Q. Mei et al. designed their model based on pLSI and give no probabilistic model for document.

Dataset Used

Jacob et al. use GeoTagged Twitter Dataset and Q. Mei et al. use Hurricane Katrina,Hurricane Rita,IPod Nano


Big Idea

These two papers are different in all three above aspects, i.e problem addressed, methods, dataset used. Problem: Jacob et al. try to find topics that related to a specific user by incorporating its location information while Q. Mei et al. aim at finding subtopics in different time and locations from documents that have the same topics.

Method: Jacob et al. use a LDA type model while Q. Mei et al. adapt a pLSI type mehtod.

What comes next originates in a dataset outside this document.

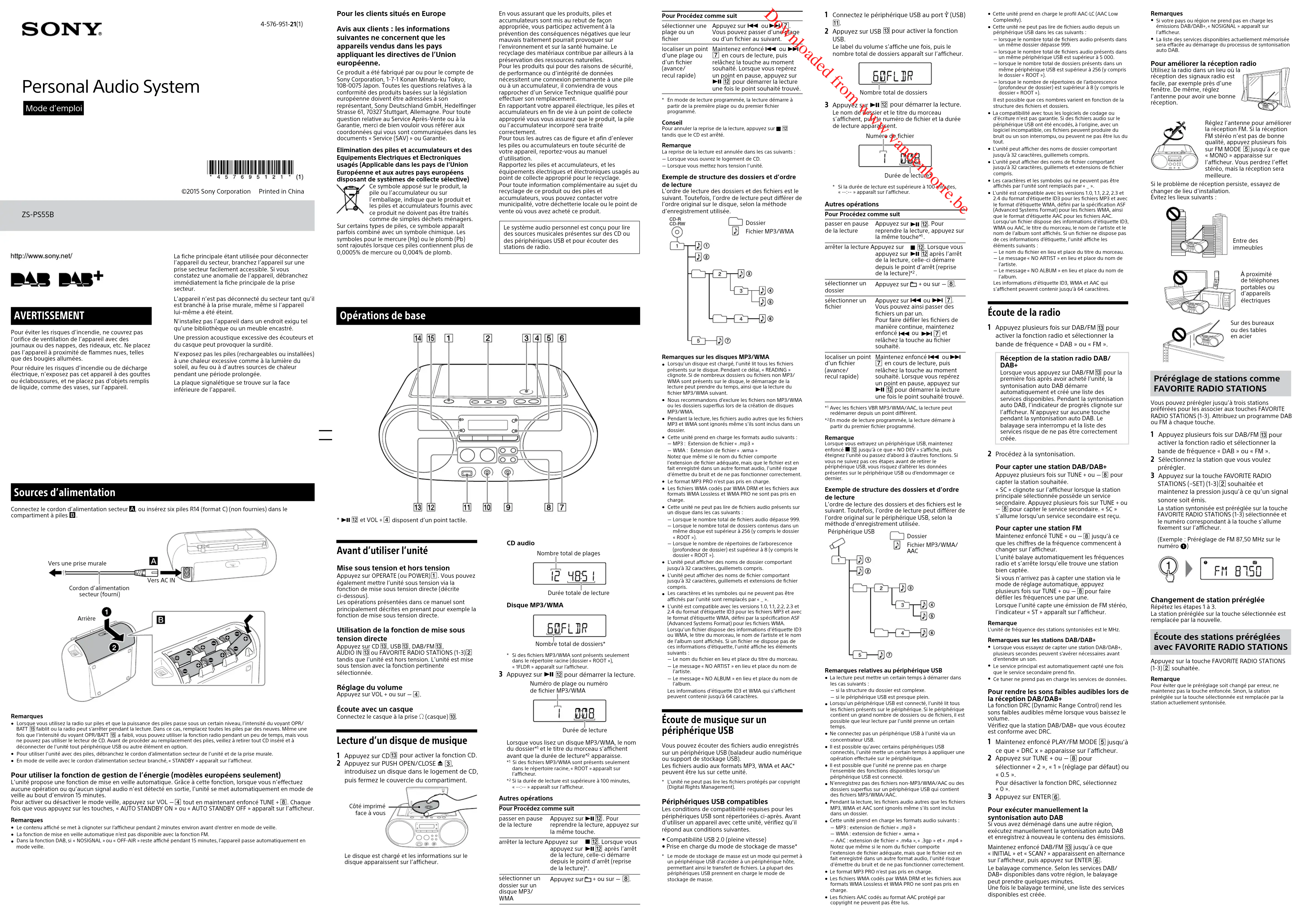 ZS-PS55B [FR] 4-576-951-21(1)4-576-951-21(1) Personal Audio System Mode d’emploi ©2015 Sony Corporation Printed in ChinaZS-PS55B* et VOL + disposent d’un point tactile.La fiche principale étant utilisée pour déconnecter l’appareil du secteur, branchez l’appareil sur une prise secteur facilement accessible. Si vous constatez une anomalie de l’appareil, débranchez immédiatement la fiche principale de la prise secteur.L’appareil n’est pas déconnecté du secteur tant qu’il est branché à la prise murale, même si l’appareil lui-même a été éteint.N’installez pas l’appareil dans un endroit exigu tel qu’une bibliothèque ou un meuble encastré.Une pression acoustique excessive des écouteurs et du casque peut provoquer la surdité.N’exposez pas les piles (rechargeables ou installées) à une chaleur excessive comme à la lumière du soleil, au feu ou à d’autres sources de chaleur pendant une période prolongée.La plaque signalétique se trouve sur la face inférieure de l’appareil. Opérations de base Avant d’utiliser l’unité Mise sous tension et hors tensionAppuyez sur OPERATE (ou POWER) . Vous pouvez également mettre l’unité sous tension via la fonction de mise sous tension directe (décrite ci-dessous).Les opérations présentées dans ce manuel sont principalement décrites en prenant pour exemple la fonction de mise sous tension directe.Utilisation de la fonction de mise sous tension directeAppuyez sur CD , USB , DAB/FM , AUDIO IN ou FAVORITE RADIO STATIONS (1-3)

Dataset: Because of different problem they address, the data set they used are very different. Jacob et al. use twitter type documents, which are very short. Q. Mei use Weblogs, which are relative long.

Other Discussions

It would be interesting to apply the methods used in Jacob et al. to the problems that Q. Mei et al. try to address since LDA claims that it is better than pLSI.

Other Questions

  1. How much time did you spend reading the (new, non-wikified) paper you summarized? 2.5 hours
  2. How much time did you spend reading the old wikified paper? 4 hours
  3. How much time did you spend reading the summary of the old paper? 10 min
  4. How much time did you spend reading background material? 3 hours
  5. Was there a study plan for the old paper? Yes
    1. if so, did you read any of the items suggested by the study plan? and how much time did you spend with reading them? 3 hours
  6. Give us any additional feedback you might have about this assignment.

I like this task very much, it helps me to think deeper about the paper I read. It would be great if we can read some paper that have great impact and real applications. The experiments on the paper I read are quite restrict and hard to re-implement.